**Data section**
◆ ◆ ◆ ◆

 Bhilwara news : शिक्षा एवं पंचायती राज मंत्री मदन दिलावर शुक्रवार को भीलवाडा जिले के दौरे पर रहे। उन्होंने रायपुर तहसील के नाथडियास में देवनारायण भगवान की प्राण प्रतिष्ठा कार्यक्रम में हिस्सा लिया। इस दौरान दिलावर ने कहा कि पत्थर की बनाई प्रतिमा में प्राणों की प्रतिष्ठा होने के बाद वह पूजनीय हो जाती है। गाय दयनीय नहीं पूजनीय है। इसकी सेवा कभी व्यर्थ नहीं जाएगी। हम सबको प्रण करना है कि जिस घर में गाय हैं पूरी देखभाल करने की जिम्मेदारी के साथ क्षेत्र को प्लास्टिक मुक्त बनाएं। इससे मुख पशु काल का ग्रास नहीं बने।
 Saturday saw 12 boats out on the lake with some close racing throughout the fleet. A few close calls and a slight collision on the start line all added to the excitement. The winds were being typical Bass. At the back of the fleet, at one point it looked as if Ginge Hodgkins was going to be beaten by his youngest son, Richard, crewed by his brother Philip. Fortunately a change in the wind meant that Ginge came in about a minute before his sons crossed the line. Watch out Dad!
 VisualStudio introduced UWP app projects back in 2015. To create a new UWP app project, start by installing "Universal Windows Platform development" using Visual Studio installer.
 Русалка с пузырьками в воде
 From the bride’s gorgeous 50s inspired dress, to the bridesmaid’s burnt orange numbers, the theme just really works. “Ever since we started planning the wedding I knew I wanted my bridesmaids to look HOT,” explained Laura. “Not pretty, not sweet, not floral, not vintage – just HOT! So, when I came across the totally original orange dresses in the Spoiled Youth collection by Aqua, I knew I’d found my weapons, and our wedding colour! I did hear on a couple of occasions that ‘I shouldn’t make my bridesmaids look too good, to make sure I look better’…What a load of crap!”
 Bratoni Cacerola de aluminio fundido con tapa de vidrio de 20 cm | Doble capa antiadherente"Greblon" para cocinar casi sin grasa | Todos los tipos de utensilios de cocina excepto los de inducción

◆ ◆ ◆ ◆

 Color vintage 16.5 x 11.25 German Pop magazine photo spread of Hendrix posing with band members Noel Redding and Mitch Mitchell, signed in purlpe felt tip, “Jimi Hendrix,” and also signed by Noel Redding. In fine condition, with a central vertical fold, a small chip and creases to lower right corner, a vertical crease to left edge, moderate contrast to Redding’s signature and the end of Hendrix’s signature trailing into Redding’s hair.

◆ ◆ ◆ ◆

**Exercise goal**
Considering only the material above, set down every line from the one with "VisualStudio introduced UWP" to the one with "Bratoni Cacerola de", inclusive, exactly as written.

**Answer to the problem**
 VisualStudio introduced UWP app projects back in 2015. To create a new UWP app project, start by installing "Universal Windows Platform development" using Visual Studio installer.
 Русалка с пузырьками в воде
 From the bride’s gorgeous 50s inspired dress, to the bridesmaid’s burnt orange numbers, the theme just really works. “Ever since we started planning the wedding I knew I wanted my bridesmaids to look HOT,” explained Laura. “Not pretty, not sweet, not floral, not vintage – just HOT! So, when I came across the totally original orange dresses in the Spoiled Youth collection by Aqua, I knew I’d found my weapons, and our wedding colour! I did hear on a couple of occasions that ‘I shouldn’t make my bridesmaids look too good, to make sure I look better’…What a load of crap!”
 Bratoni Cacerola de aluminio fundido con tapa de vidrio de 20 cm | Doble capa antiadherente"Greblon" para cocinar casi sin grasa | Todos los tipos de utensilios de cocina excepto los de inducción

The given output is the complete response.